Paper Title: WarriorCoder: Learning from Expert Battles to Augment Code Large Language Models
Link to paper: https://arxiv.org/pdf/2412.17395

01 Background

In recent years, Large Language Models (LLMs) have shown impressive performance on code-related tasks, with a variety of code macromodels emerging. These success stories show that pre-training on large-scale code data can significantly improve the core programming capabilities of the models. In addition to pre-training, some methods of post-training LLMs on instruction data have also led to significant improvements in the models' understanding of instructions and quality of answers. However, the effectiveness of post-training relies heavily on the availability of high-quality data, but the collection and annotation of data presents considerable challenges.
In order to address the above challenges, some methods have designed various data flywheels to generate instruction data, such as Self-Instruct, Evol-Instruct, etc. These methods can effectively enhance the code generation capability of the model by training on these data. These methods construct instruction data through various data enhancement means, and training on these data can effectively improve the code generation capability of the model. However, as shown in Fig. 1, these methods still rely on extending existing datasets and require calling private LLMs (e.g., GPT-3.5, GPT-4, etc.), making data collection costly. In addition, the limited number of data sources and LLMs used for annotation also limits data diversity and inherits the systematic bias inherent in limited private LLMs. 微软原WizardLM团队：代码大模型WarriorCoder，性能新SOTA Figure 1

This paper presents the WarriorCoder, a new data flywheel training paradigm for code macromodels, where the model integrates the strengths of individual code expert macromodels by learning from expert adversarial approaches. As shown in Fig. 1, individual large models of coding experts are pitted against each other, with attackers challenging opponents in their own domains of expertise, and the target model learning from the winners of these pairs of battles. Unlike previous approaches, which mostly rely on existing open source datasets as seed data to be synthesized and augmented, warriorCoder generates data from 0 to 1 without the need of seed data, and the approach can fuse the strengths of multiple coding expert macromodels instead of just distilling the strengths of individual models. In addition, the method proposed in this paper eliminates the reliance on human involvement and private LLMs in the data collection process, and allows for the collection of high-quality and diverse training data at a very low cost. Experimental results show that warriorCoder not only achieves the current SOTA in code generation tasks, but also achieves excellent results in benchmarks such as code reasoning and libraries using, which can be called code hexagon warrior.

02 Methodology

This paper constructs an arena for code grand models. Here, state-of-the-art code-expert macromodels are pitted against each other, with each model challenging the others using the knowledge it already possesses, while the remaining models act as referees to assess the outcome of the confrontations.
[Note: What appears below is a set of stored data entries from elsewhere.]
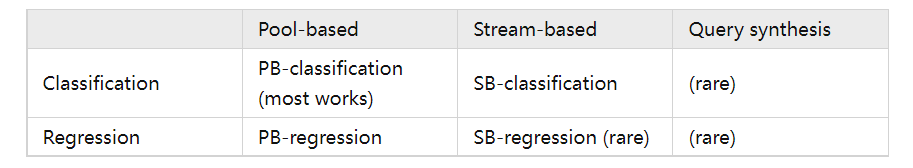 这里我们只讨论最基础的分类和回归问题。在这两类问题下,有着三种不同的主动学习场景:
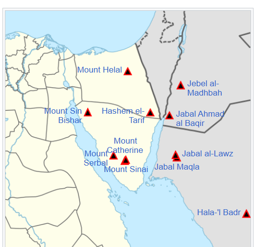 O polohe hory Sinaj-Horeb existuje samozrejme množstvo alternatívnych teórii, pričom viacero hypotéz ju kladie mimo Sinajský polostrov.
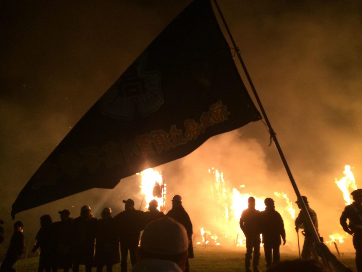 みるみる内に視界は火の海に。地元の中学生の応援合戦(!?)も始まり、ボルテージはいきなり最高潮である。
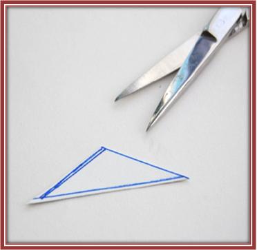Place your scrap cardboard on a smooth surface and draw a perfect triangle on it with the help of the straight edge of the ruler.  Keep the height of the triangle according to your choice, keeping the height of the zigzag cuts in mind.
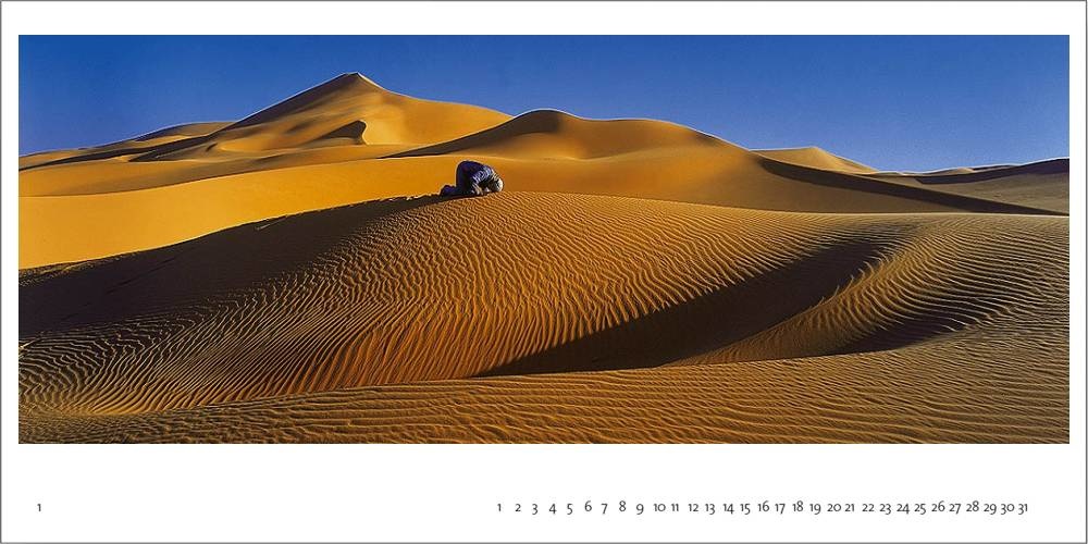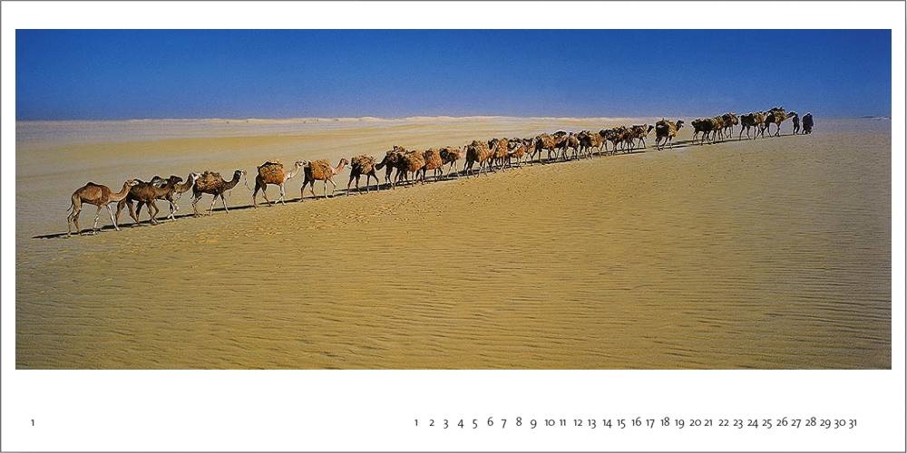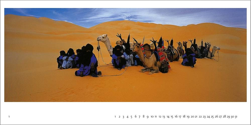 Die endlosen Weiten der Wüste sind geprägt von Sonne und Wind: ockergelbe Dünen und weiße Gipsskulpturen, märchenhafte Oasen, prähistorische Felszeichnungen oder eine Salzkarawane im Ténéré. Das Geheimnis der Wüste liegt wohl in der Beschränkung auf das Elementare. Die Nomaden sagen: „Allah hat aus seinem Garten alles Überflüssige entfernt…“

The target model then learns from the winners of these confrontations, gradually integrating the strengths of all competitors. In this paper, the competitors (code expert grand models) are considered as a group, and the model is optimized by the relative superiority of answers within the group, which is in line with the GRPO It has a different flavor. 微软原WizardLM团队：代码大模型WarriorCoder，性能新SOTA Figure 2

2.1 Competitors Setting

The competence of the participants determines the final performance of WarriorCoder. Theoretically, the greater diversity and quality of training data obtained from a larger and stronger pool of contestants, the better the performance of the final trained model. In each round of the arena, only one pair of coders is selected as competitors, while the others act as judges. In this paper, we have selected five advanced big models within 75B from the BigCodeBench ranking - Athene-V2-Chat, DeepSeek-Coder-V2-Lite-Instruct, Llama-3.3-70B-Instruct Qwen2.5-72B-Instruct, and QwQ-32B-Preview. It is worth noting that these five big models are all open source big models, and WarriorCoder achieves excellent performance based on the confrontation of these open source big models alone. Of course, WarriorCoder is also able to learn from powerful private macromodels.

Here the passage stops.